Data section start
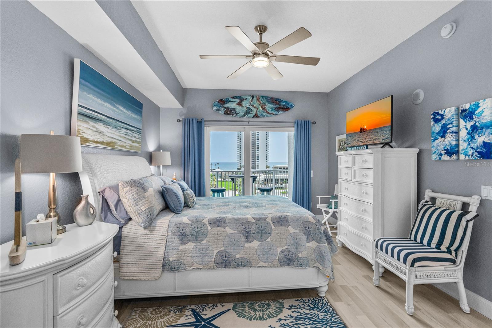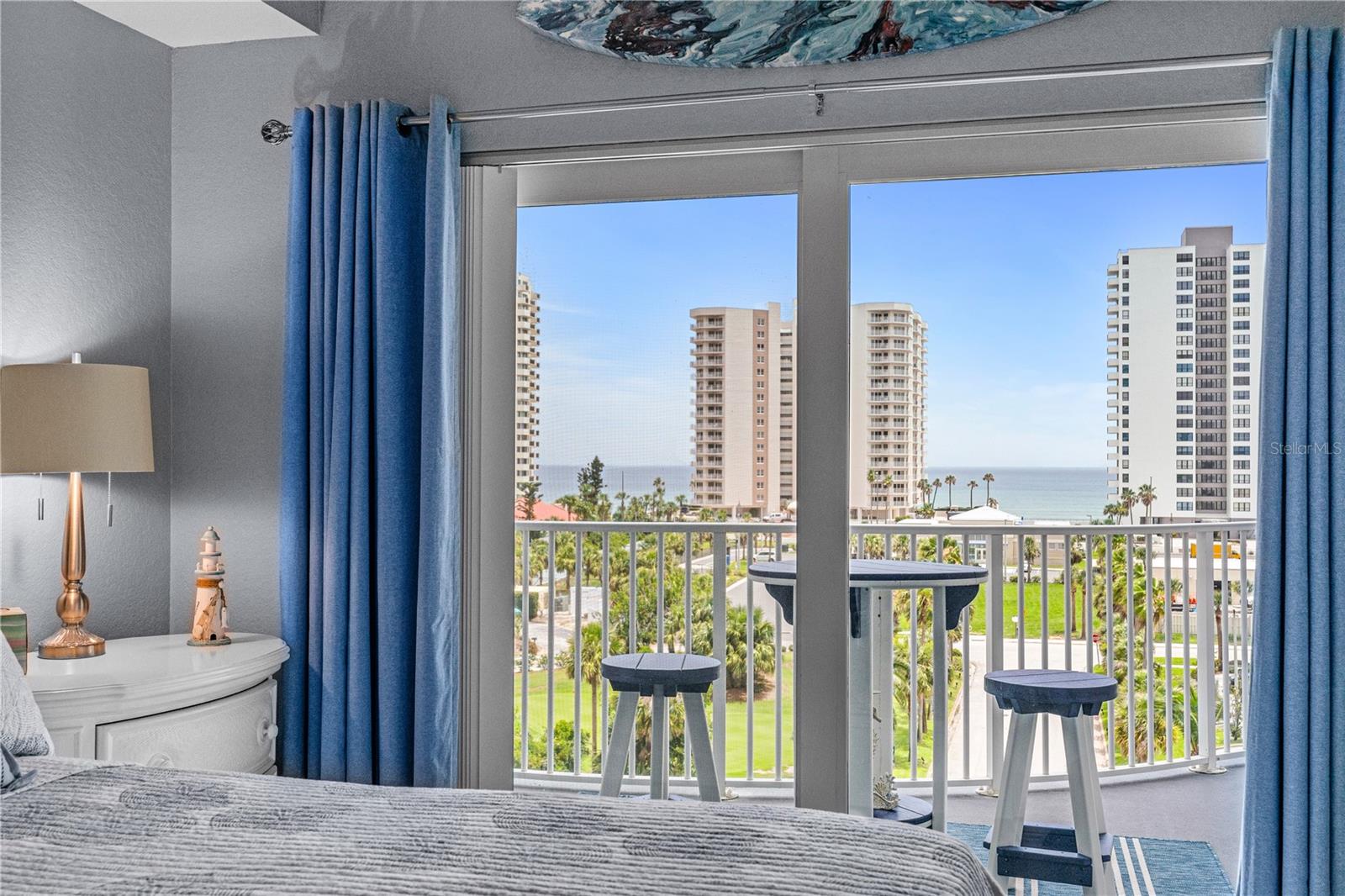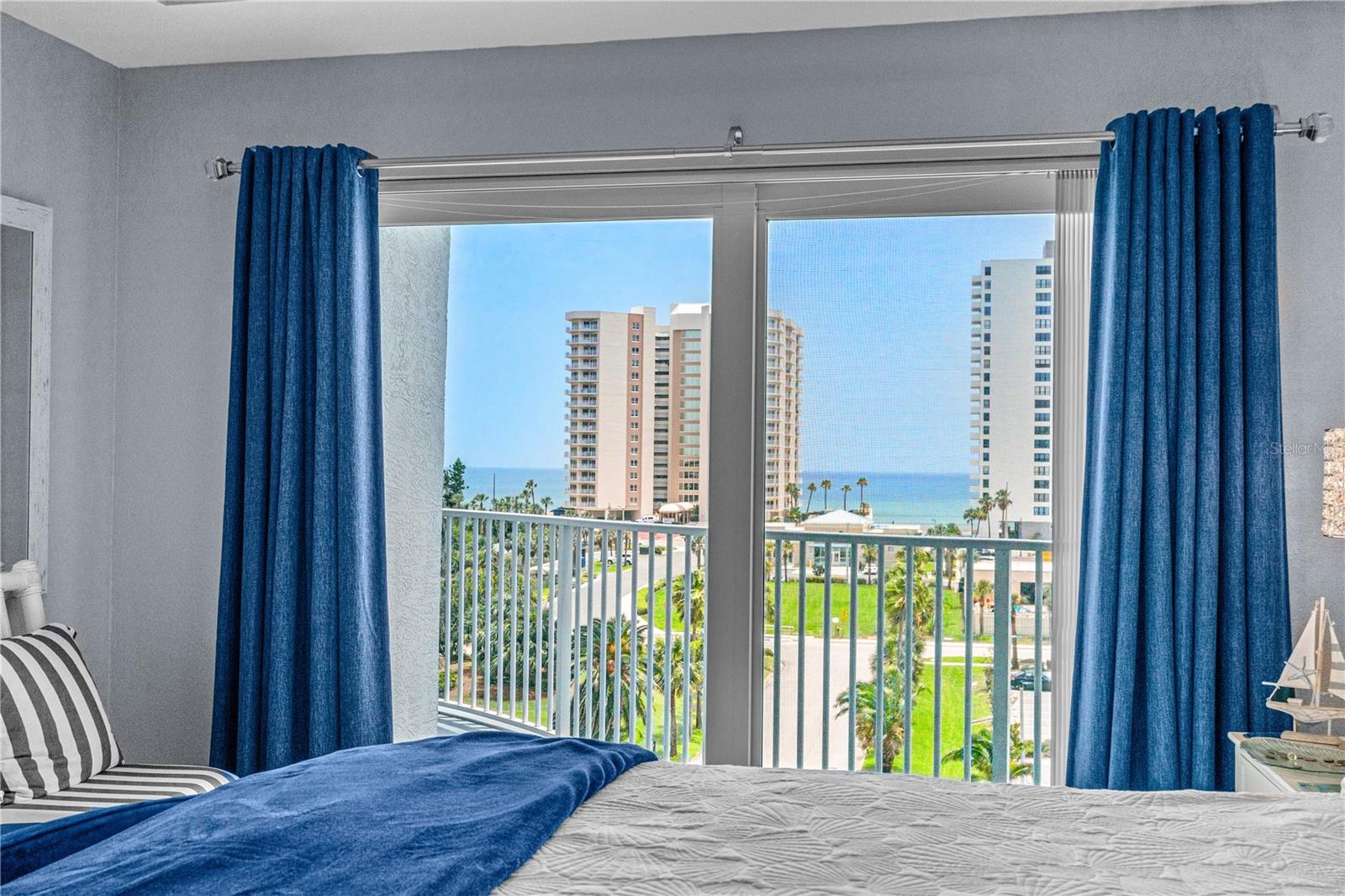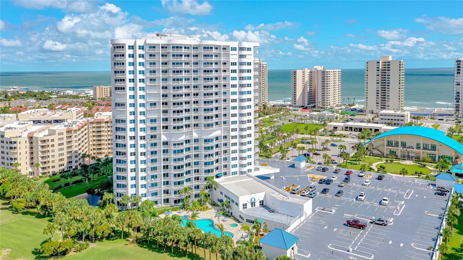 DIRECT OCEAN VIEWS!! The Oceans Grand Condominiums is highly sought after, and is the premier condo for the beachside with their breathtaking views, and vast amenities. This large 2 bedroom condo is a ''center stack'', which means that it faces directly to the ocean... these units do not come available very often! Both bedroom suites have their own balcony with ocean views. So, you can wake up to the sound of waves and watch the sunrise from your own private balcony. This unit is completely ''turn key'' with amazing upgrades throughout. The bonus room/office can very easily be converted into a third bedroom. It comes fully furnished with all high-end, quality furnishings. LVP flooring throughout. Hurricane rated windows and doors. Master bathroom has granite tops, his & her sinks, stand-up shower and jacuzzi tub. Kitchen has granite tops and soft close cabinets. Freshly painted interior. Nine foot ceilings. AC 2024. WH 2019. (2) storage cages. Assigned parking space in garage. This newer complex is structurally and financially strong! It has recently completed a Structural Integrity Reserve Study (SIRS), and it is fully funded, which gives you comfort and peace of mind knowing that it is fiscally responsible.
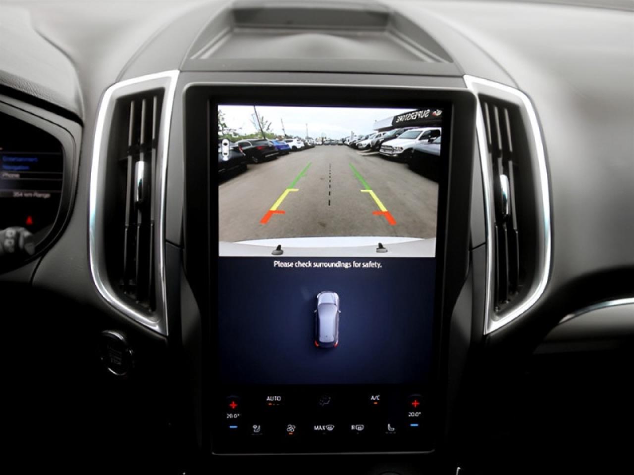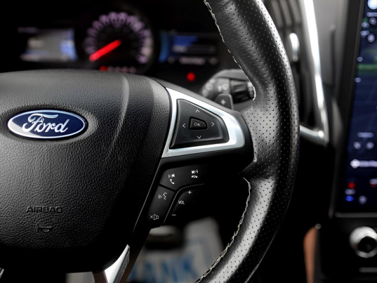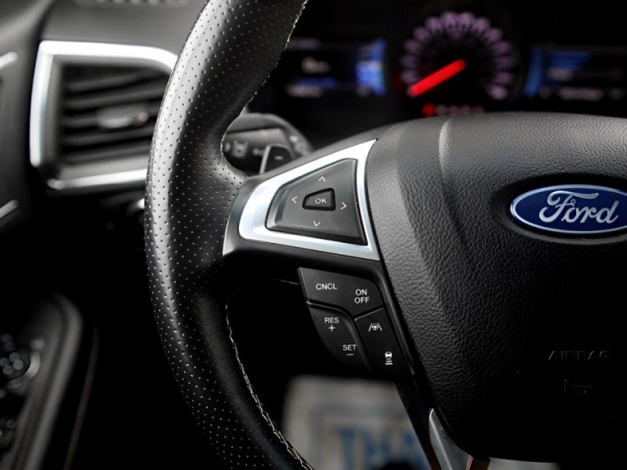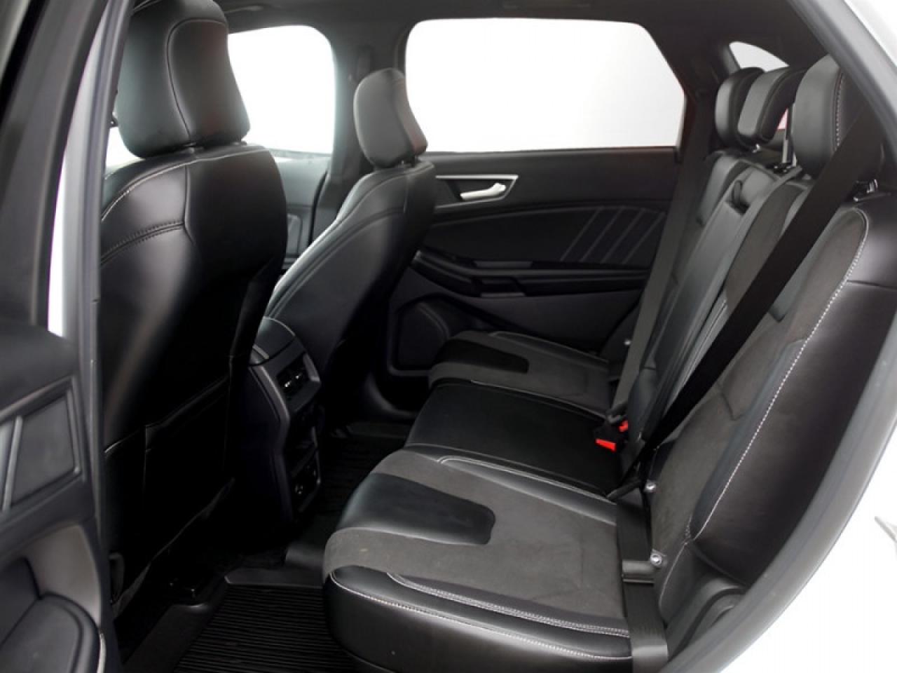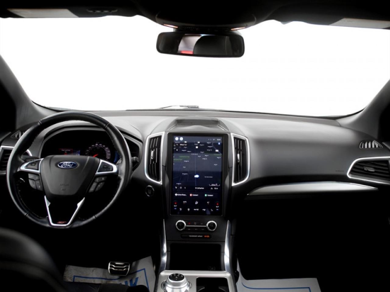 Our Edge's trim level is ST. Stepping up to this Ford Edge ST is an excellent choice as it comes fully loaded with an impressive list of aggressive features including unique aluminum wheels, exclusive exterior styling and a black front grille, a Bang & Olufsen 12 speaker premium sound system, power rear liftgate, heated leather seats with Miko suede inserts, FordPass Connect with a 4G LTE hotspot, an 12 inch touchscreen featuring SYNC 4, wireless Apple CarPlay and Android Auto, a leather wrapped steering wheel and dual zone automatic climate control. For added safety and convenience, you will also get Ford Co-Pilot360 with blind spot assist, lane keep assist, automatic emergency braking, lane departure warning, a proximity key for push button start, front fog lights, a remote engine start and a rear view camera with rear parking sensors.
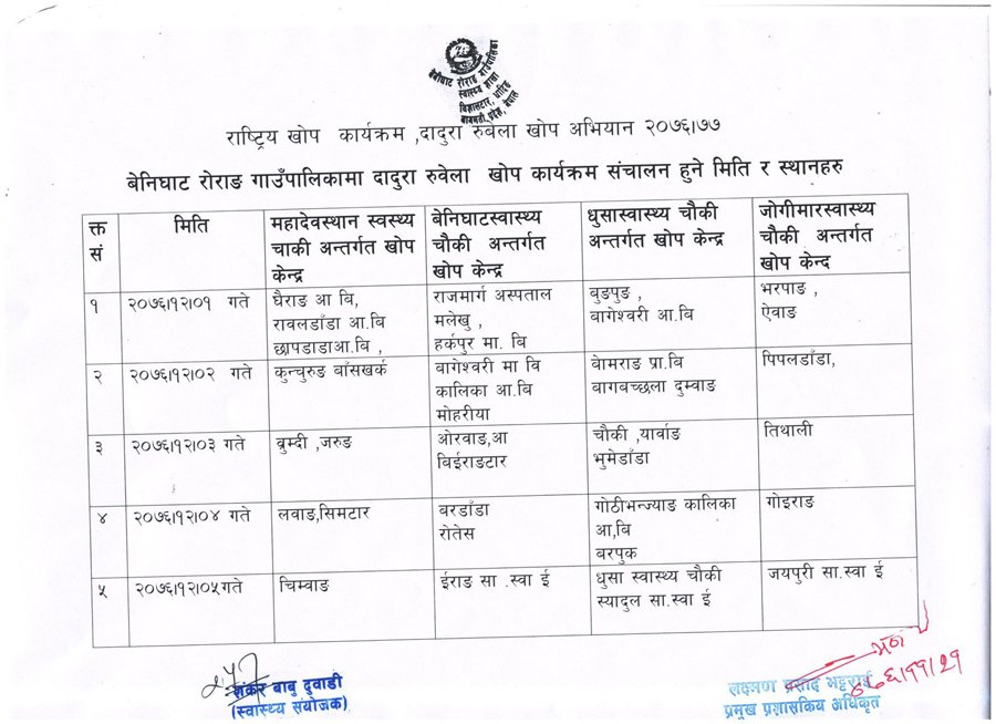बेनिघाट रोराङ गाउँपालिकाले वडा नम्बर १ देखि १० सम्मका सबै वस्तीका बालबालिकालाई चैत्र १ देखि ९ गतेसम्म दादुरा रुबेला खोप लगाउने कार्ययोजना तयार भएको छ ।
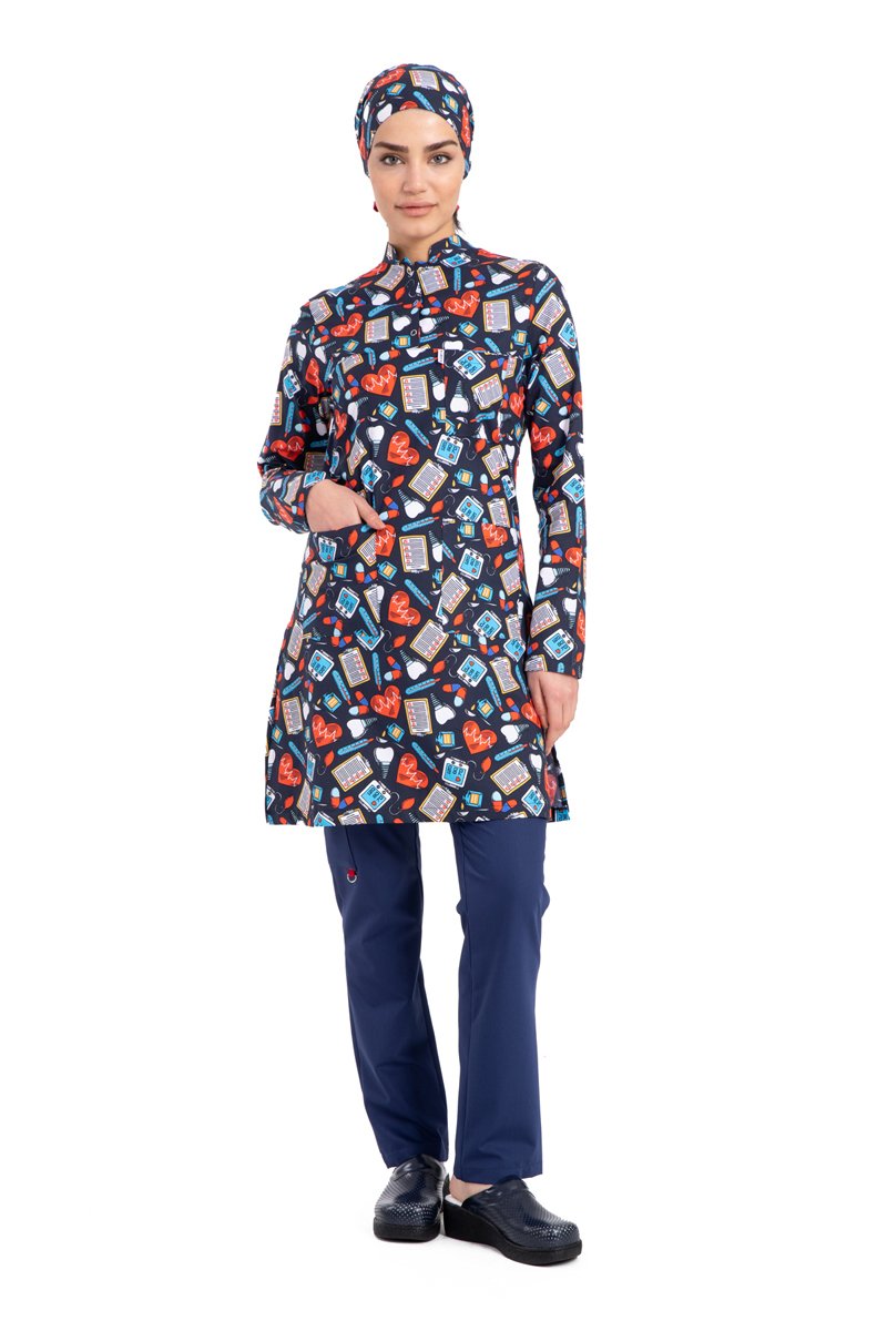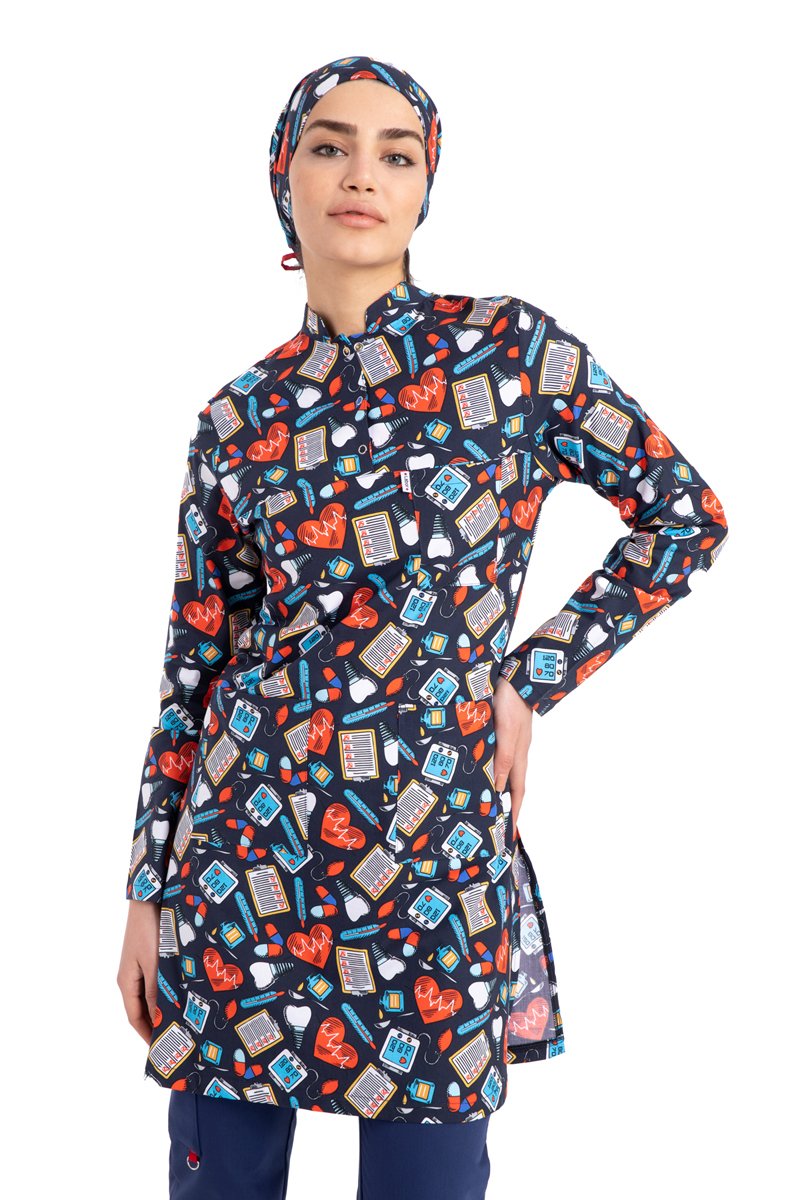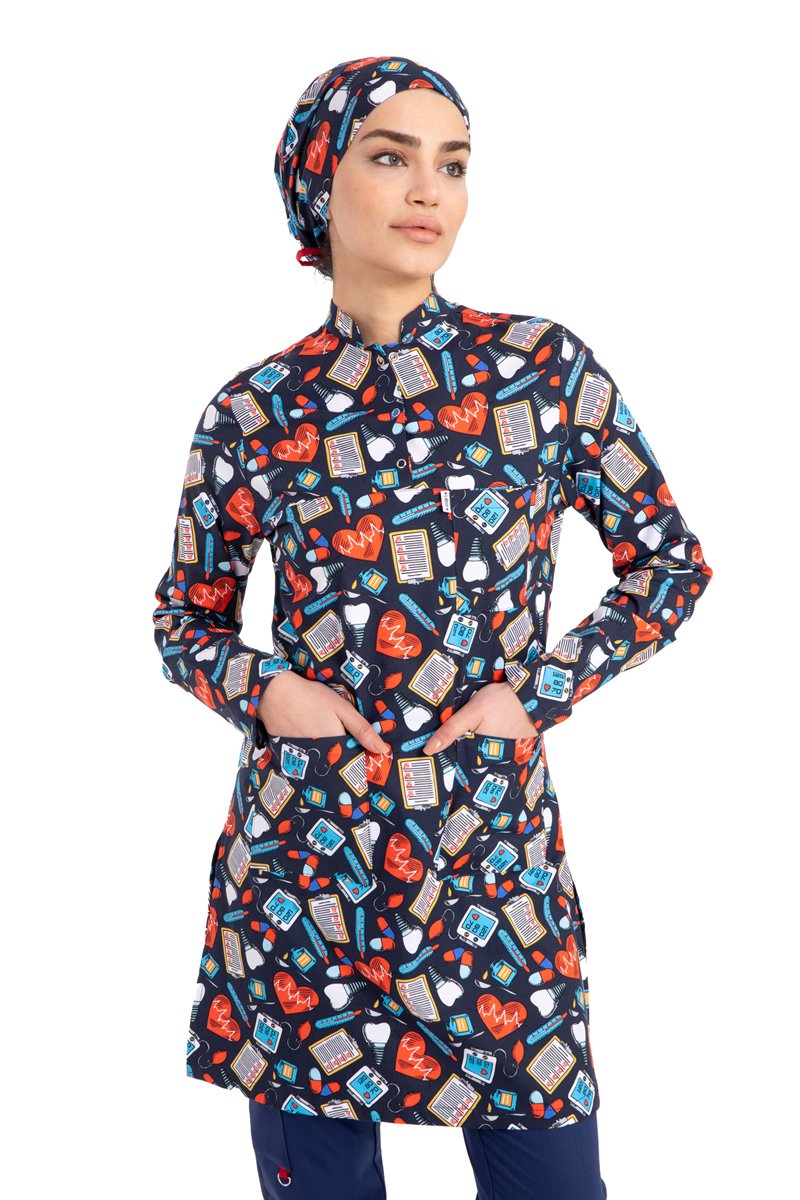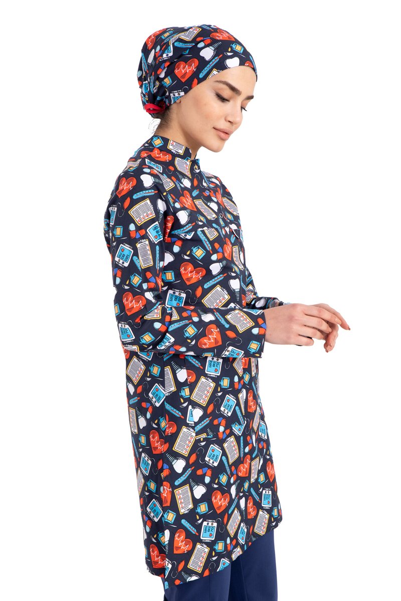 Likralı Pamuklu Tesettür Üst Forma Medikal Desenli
Data section end
**To do**:
Exclude all images and return the listing word for word.

**Solved problem**:
 DIRECT OCEAN VIEWS!! The Oceans Grand Condominiums is highly sought after, and is the premier condo for the beachside with their breathtaking views, and vast amenities. This large 2 bedroom condo is a ''center stack'', which means that it faces directly to the ocean... these units do not come available very often! Both bedroom suites have their own balcony with ocean views. So, you can wake up to the sound of waves and watch the sunrise from your own private balcony. This unit is completely ''turn key'' with amazing upgrades throughout. The bonus room/office can very easily be converted into a third bedroom. It comes fully furnished with all high-end, quality furnishings. LVP flooring throughout. Hurricane rated windows and doors. Master bathroom has granite tops, his & her sinks, stand-up shower and jacuzzi tub. Kitchen has granite tops and soft close cabinets. Freshly painted interior. Nine foot ceilings. AC 2024. WH 2019. (2) storage cages. Assigned parking space in garage. This newer complex is structurally and financially strong! It has recently completed a Structural Integrity Reserve Study (SIRS), and it is fully funded, which gives you comfort and peace of mind knowing that it is fiscally responsible.
 Our Edge's trim level is ST. Stepping up to this Ford Edge ST is an excellent choice as it comes fully loaded with an impressive list of aggressive features including unique aluminum wheels, exclusive exterior styling and a black front grille, a Bang & Olufsen 12 speaker premium sound system, power rear liftgate, heated leather seats with Miko suede inserts, FordPass Connect with a 4G LTE hotspot, an 12 inch touchscreen featuring SYNC 4, wireless Apple CarPlay and Android Auto, a leather wrapped steering wheel and dual zone automatic climate control. For added safety and convenience, you will also get Ford Co-Pilot360 with blind spot assist, lane keep assist, automatic emergency braking, lane departure warning, a proximity key for push button start, front fog lights, a remote engine start and a rear view camera with rear parking sensors.
बेनिघाट रोराङ गाउँपालिकाले वडा नम्बर १ देखि १० सम्मका सबै वस्तीका बालबालिकालाई चैत्र १ देखि ९ गतेसम्म दादुरा रुबेला खोप लगाउने कार्ययोजना तयार भएको छ ।
 Likralı Pamuklu Tesettür Üst Forma Medikal Desenli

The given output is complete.